# YOUR OBJECTIVE
The listing, minus its pictures, is to be given again exactly.

# COLLECTED MATERIAL
═══

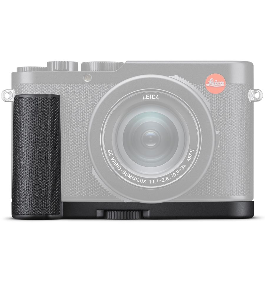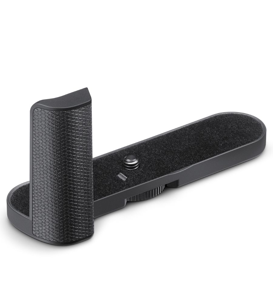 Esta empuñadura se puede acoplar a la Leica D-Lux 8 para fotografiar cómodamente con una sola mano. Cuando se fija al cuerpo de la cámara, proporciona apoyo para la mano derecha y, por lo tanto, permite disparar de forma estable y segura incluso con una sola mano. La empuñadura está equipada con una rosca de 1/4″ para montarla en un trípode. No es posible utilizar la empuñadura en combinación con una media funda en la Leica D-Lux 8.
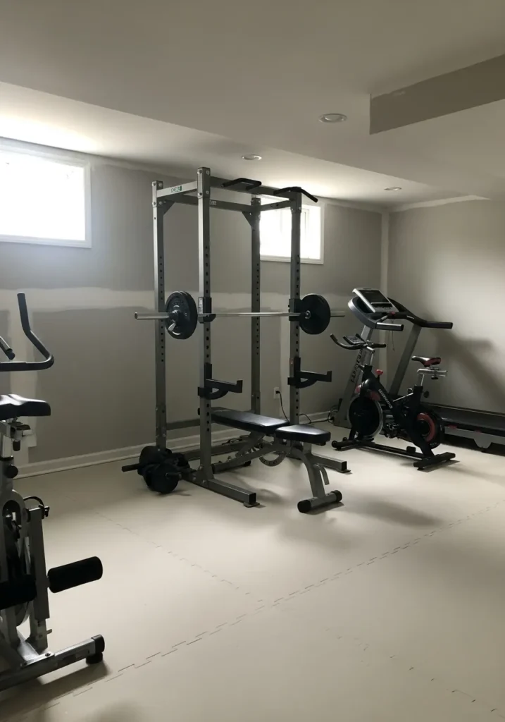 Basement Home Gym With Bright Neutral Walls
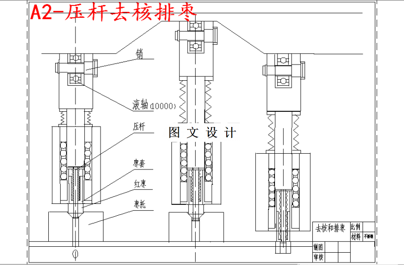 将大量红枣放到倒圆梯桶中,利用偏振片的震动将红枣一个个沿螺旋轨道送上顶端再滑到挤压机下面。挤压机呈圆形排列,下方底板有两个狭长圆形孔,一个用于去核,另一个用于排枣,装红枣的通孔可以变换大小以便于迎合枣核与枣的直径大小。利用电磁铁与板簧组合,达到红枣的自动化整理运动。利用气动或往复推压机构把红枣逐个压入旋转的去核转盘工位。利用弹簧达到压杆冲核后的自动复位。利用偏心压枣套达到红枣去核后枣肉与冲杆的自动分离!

═══

# TASK ANSWER
 Esta empuñadura se puede acoplar a la Leica D-Lux 8 para fotografiar cómodamente con una sola mano. Cuando se fija al cuerpo de la cámara, proporciona apoyo para la mano derecha y, por lo tanto, permite disparar de forma estable y segura incluso con una sola mano. La empuñadura está equipada con una rosca de 1/4″ para montarla en un trípode. No es posible utilizar la empuñadura en combinación con una media funda en la Leica D-Lux 8.
 Basement Home Gym With Bright Neutral Walls
 将大量红枣放到倒圆梯桶中,利用偏振片的震动将红枣一个个沿螺旋轨道送上顶端再滑到挤压机下面。挤压机呈圆形排列,下方底板有两个狭长圆形孔,一个用于去核,另一个用于排枣,装红枣的通孔可以变换大小以便于迎合枣核与枣的直径大小。利用电磁铁与板簧组合,达到红枣的自动化整理运动。利用气动或往复推压机构把红枣逐个压入旋转的去核转盘工位。利用弹簧达到压杆冲核后的自动复位。利用偏心压枣套达到红枣去核后枣肉与冲杆的自动分离!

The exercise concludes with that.